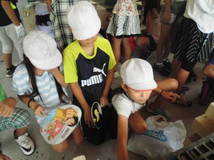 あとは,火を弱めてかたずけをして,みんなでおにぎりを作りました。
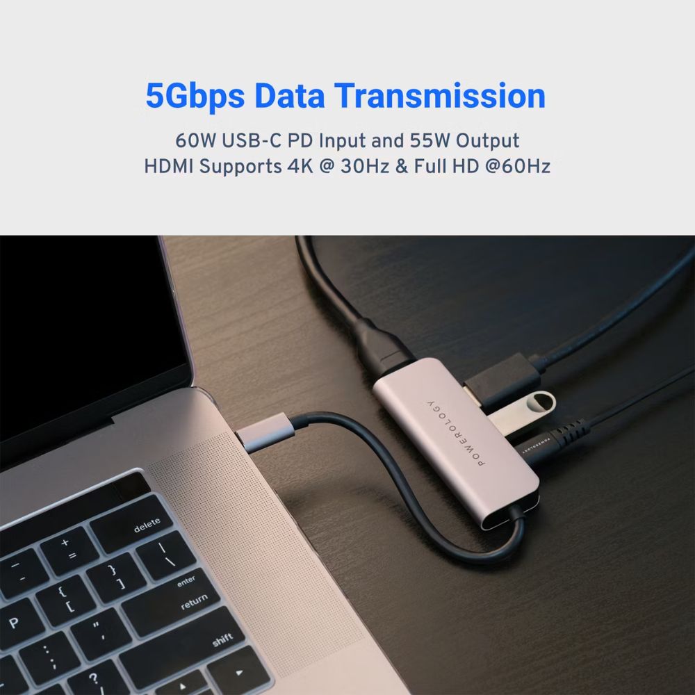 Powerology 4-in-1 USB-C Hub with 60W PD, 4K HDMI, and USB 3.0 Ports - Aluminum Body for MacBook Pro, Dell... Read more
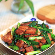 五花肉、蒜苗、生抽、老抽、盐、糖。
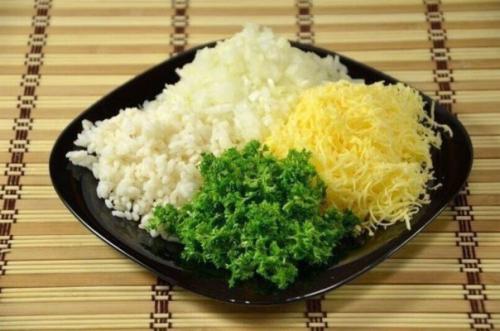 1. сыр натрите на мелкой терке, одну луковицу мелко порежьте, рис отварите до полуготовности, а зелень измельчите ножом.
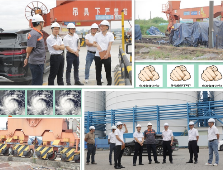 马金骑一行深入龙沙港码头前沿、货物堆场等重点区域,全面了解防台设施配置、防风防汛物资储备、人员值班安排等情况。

▬▬▬

> [Problem to work on]: Generate a word-for-word copy of the preceding records, excluding all pictures.

> [Output]:
 あとは,火を弱めてかたずけをして,みんなでおにぎりを作りました。
 Powerology 4-in-1 USB-C Hub with 60W PD, 4K HDMI, and USB 3.0 Ports - Aluminum Body for MacBook Pro, Dell... Read more
 五花肉、蒜苗、生抽、老抽、盐、糖。
 1. сыр натрите на мелкой терке, одну луковицу мелко порежьте, рис отварите до полуготовности, а зелень измельчите ножом.
 马金骑一行深入龙沙港码头前沿、货物堆场等重点区域,全面了解防台设施配置、防风防汛物资储备、人员值班安排等情况。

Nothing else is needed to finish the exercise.